By Anabel Munoz and Jose Mayorquin ACB News
Truth can be stranger than fiction. It would be difficult for most Hollywood screenwriters to imagine Norma Bastida’s real-life story of survival.
“Growing up, it was a very difficult environment because of the cartels and surviving sexual violence,” said Bastidas, an immigrant from Mazatlan in the Mexican state of Sinaloa. “Unfortunately, it’s a reality for a lot of young people. I was trying to escape that when I was offered a job in Japan. It turned out to be not a real job offer, and I ended up being trafficked into a bar and became an escort.”
Eventually, Bastidas was able to flee her captors.
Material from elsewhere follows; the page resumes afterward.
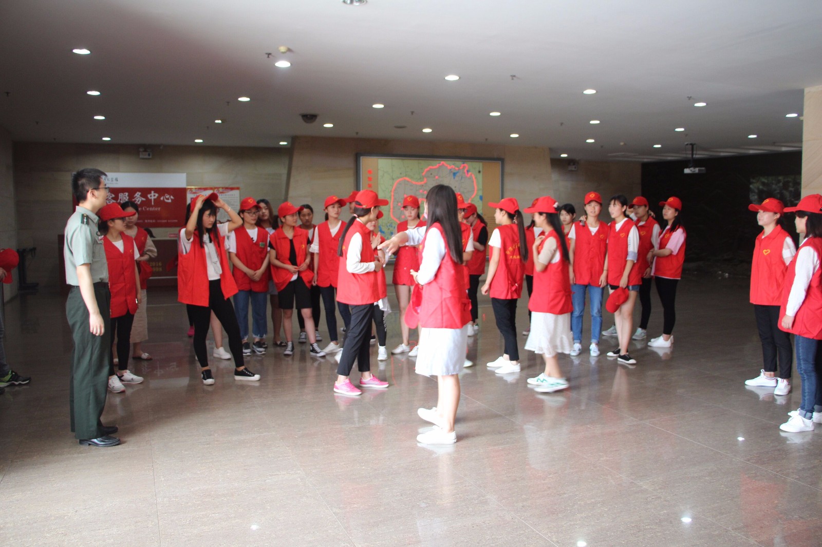 活动共分为鄂豫皖革命纪念馆志愿服务、旅游知识讲解及微博三个主题。5月19日,我院积极组织学生代表赴鄂豫皖革命纪念馆参与馆内的志愿服务活动。36名学子参加此次志愿服务队。志愿者步行至鄂豫皖革命纪念馆前进行集合,每人穿戴了红色志愿服及志愿帽并组织有序的进入馆内。随后在馆内工作人员的指导和协调下,志愿者根据志愿活动内容每人坚守七个展厅的各个陈列台前、门口或危险地方,负责馆内不文明行为的制止和范围内对游客行为的帮助提醒。天气炎热,参观人员的增加并没有使志愿者放弃,她们依旧认真坚守自己的职责,为参观群众开门问候,微笑回答提醒游客的各种疑问行为。最终同学们的志愿服务活动得到了馆内工作人员和众多游客的一致好评,对信阳红色文化的传播起到了很好的效果。

After living in Canada for a number of years, she settled in Los Angeles. Attempts to cope with her dark past led to the life-altering discovery of a hidden talent and calling.
“Running was a way for me to confront all those demons I had. Within six months, I ran my first half marathon because my best friend was a runner and I passed her. And that’s when I thought, ‘you know what, I’m going to find my limits,'” said Bastidas.
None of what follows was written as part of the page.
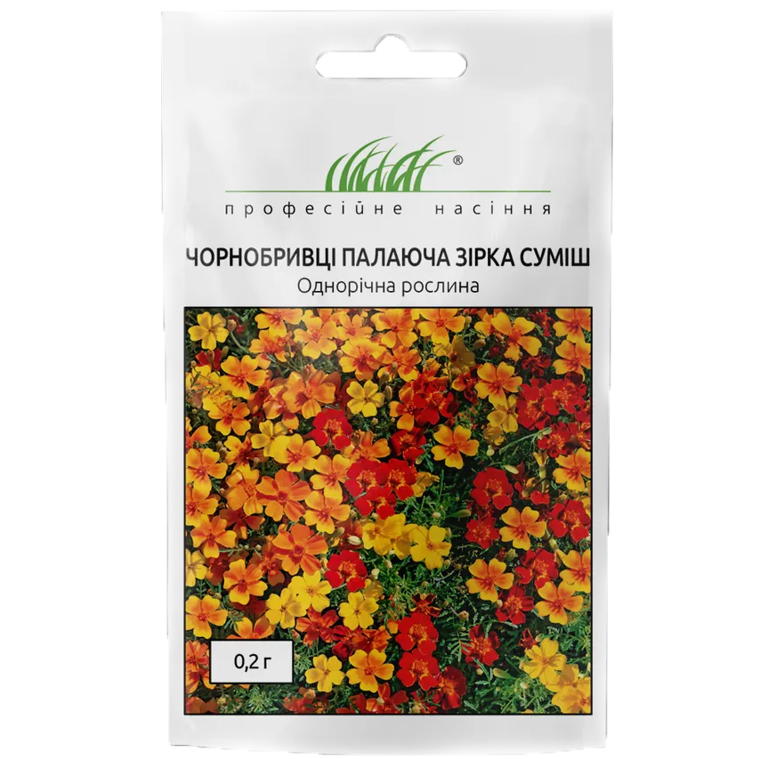 Бархатцы мелкоцветковые Горящая звезда – миниатюрные звездообразные соцветия с очень красивыми рассечеными листьями. Стебли прочные, разветвленные, высотой 25-30 см. Используют для клумб, рабаток, балконов.

She went on to run her first full marathon and qualified for the Boston Marathon. She then took on ultrarunning and people took notice. Despite gaining international attention for her world record-setting runs, Bastidas wasn’t yet ready to reveal her full story. But after a negative encounter with a potential sponsor, she was emboldened to let her truth be known.
“They didn’t want to work with human trafficking survivors, because they didn’t want to work with ‘those’ women. And in one meeting, I was like ‘I am in one of those women.’ That was the first time I publicly ever said that,” said Bastidas.
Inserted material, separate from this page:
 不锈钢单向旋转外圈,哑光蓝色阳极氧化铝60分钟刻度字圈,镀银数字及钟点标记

Now determined to be a voice for human trafficking survivors she decided to take on her biggest challenge yet — the Guinness record for the world’s longest triathlon, a record held by a man. Norma’s pursuit of this incredible feat is chronicled in the 2017 documentary “Be Relentless” produced by iEmpathize.
“I wanted to go from Cancun to Washington D.C. to follow a human trafficking route to connect both countries. It was 3% swimming, 78% cycling and 20% running,” she said. “It was 95 miles swimming and I didn’t know how to swim. But I was determined.”